Premier Lodge had been running ageing IT systems and it was decided a complete refresh was necessary.

'We had to replace all of Premier Lodge's technology,' said Thomas. 'Prioritisation of activity was therefore very important. At board level, we decided what was critical for us, what ongoing projects we had to complete and what else could we stop, identifying what were the key business activities.'

Whitbread uses Oracle enterprise resource planning software to run its group-wide human resource (HR), payroll, finance and purchasing systems, which had to be installed in the new hotels.

Other projects, such as the implementation of a speech recognition platform to automate the telephone reservation booking system, were put on a slow burner.

'We have the speech recognition project in pilot and we've redesigned our web site with the new Premier Travel Inn brand,' said Thomas.

'But there were business activities we had to postpone as they would have had a technical impact, such as investing in revenue management software to improve our occupancy rates.'

Her team's main task was to separate the back-of-house and reservation systems of Premier Lodge from those of its parent company, The Spirit Group.

This took three months and involved implementation of a separate wide area network to allow back-office system connectivity with Whitbread's central IT infrastructure.

The team also had to ally new supply chain and procurement processes with accounting and administration systems for the former Premier Lodge hotels.

And some 3,500 Premier Lodge staff were transferred to the corporate HR systems of Whitbread.
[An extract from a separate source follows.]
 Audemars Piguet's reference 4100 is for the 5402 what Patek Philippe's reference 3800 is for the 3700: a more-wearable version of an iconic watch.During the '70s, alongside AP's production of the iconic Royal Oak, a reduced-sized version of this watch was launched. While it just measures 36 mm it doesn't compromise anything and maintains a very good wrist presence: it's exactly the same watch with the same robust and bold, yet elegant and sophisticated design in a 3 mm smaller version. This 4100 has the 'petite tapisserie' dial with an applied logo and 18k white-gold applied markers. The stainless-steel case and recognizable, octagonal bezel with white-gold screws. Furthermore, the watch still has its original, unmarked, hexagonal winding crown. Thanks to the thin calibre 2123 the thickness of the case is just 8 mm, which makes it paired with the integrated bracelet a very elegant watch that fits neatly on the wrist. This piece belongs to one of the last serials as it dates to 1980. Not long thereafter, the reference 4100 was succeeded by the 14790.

'To minimise disruption, we made the decision to deploy Oracle for the Premier Lodge sites, but not to ask the units to enter the data. Central administration teams receive paper timesheets, which they enter onto the system,' said Thomas.

New electronic till equipment and systems also had to be installed in any former Premier Lodge sites with a restaurant.
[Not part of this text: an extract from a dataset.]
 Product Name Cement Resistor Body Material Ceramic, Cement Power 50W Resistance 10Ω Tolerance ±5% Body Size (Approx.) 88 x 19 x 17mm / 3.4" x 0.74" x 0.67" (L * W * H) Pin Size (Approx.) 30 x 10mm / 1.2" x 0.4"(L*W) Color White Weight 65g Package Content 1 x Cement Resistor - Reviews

Rebranding of all customer communications, including internal and external signage and the company's web site and directories, meant that the transfer of all front-of-house systems, including reservations, had to be complete by the end of Premier Travel Inn's financial year at the beginning of March.

At its peak, the project was converting 50 hotels a week to the new brand, as well as integrating the IT systems.

Despite such an ambitious and disruptive transformation programme, Thomas says reservations made through the combined company's newly-branded web site were up 'significantly' within a few days of transferring the reservations systems to Premier Travel Inn.

And Whitbread's most recent trading update last month revealed Premier Travel Inn's like-for-like sales increased by 6.7 per cent, excluding the Premier Lodge acquisition. 'We fundamentally believe our systems drive great competitive advantage,' said Thomas.